The crowds at that first Palm Sunday needed to know, just as we need to know, that it was the suffering of Jesus, culminating in Good Friday, that would gain the victory over death and the grave. The peace that the Prince of peace brought was the relationship we can have with God, a relationship that is not based on our physical success and victories, but rather on Jesus’ victory on his Cross and his empty tomb.

Ironically, the very reason for which the crowds rejected Jesus provides the foundation for salvation. The Cross, seen then as complete humiliation and embarrassment was in fact the very opposite—it was victory over death and the grave.

It is in picking up our own cross and following Jesus that we fully become Christ-followers. The standards and criteria of success for our world, and even that of the religious institutionalism of Christendom, are not the basis of our relationship in God.

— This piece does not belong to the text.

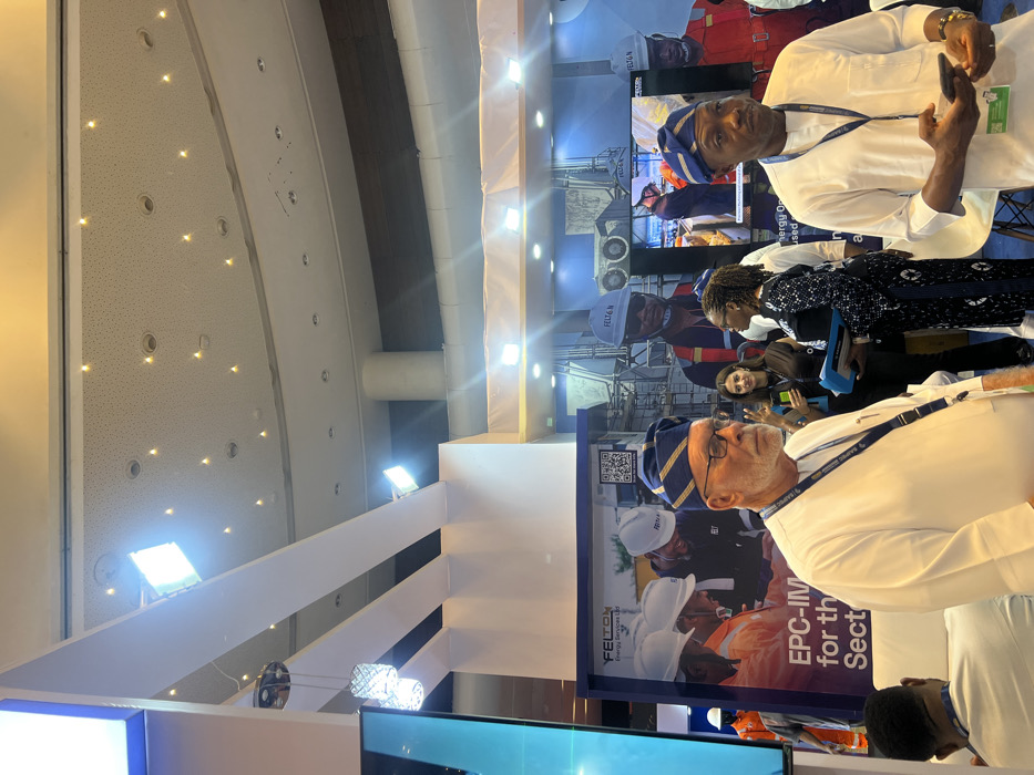 The scene depicts an active indoor exhibition or conference hall in Itirin, Nigeria. Overhead, the high ceiling features a mix of recessed spotlights and bright square panel lights, illuminating white structural beams and ceiling panels. In the immediate foreground, an older Caucasian male with a white beard and glasses is positioned on the left, wearing a white agbada-style tunic, a blue and gold patterned cap (fila), and a lanyard. He is looking right. To his right, an African male, similarly dressed in a white agbada-style tunic, blue and gold fila, and a lanyard, holds a dark smartphone in his left hand while looking slightly left. Between these two men, a woman in a dark patterned dress, possibly holding documents, is partially visible. Further back, another woman in a dark top is seen with her right hand raised, fingers forming a 'V' gesture, near an exhibition stand. The background is dominated by a prominent blue-themed exhibition stand for 'FELTON Energy Services Ltd.', displaying large printed graphics of personnel in hard hats and safety vests. Text on the stand includes 'EPC-IM for the Sector' and a visible QR code. A digital display screen embedded in the stand shows a worker. Additional blue wall panels with industrial imagery and 'FELTON' branding extend into the background. White chairs are arranged in front of the stands. A person's head and shoulder are visible in the lower-left foreground, wearing a white top.

We may be in poor health. We may suffer. We may be experiencing traumatic family problems. We may find ourselves out of work and/or in financial debt. Even though physical, external evidence of our lives might cause us and others to conclude that we are spiritual losers, without any “success” or “victory,” God’s values are often the polar opposite of human values.

Remember that God’s love endures forever, even during the trying and difficult events of our lives. God’s love was just as present, and just as evident, for those given spiritual vision by God’s grace during the painful events of Passion Week as it was on Palm Sunday and on Easter Sunday,

Let us embrace our God. Let us come to know Jesus as we never have before. Let us come to know that Jesus, and Jesus alone, brings lasting, eternal peace.

Let us recognize that our God, in the person of Jesus, is coming to us. Let us accept him and choose him as he is —not as some religious leader or authority might interpret him—not as religion might use his name—not as we would like Jesus to be—but as he is.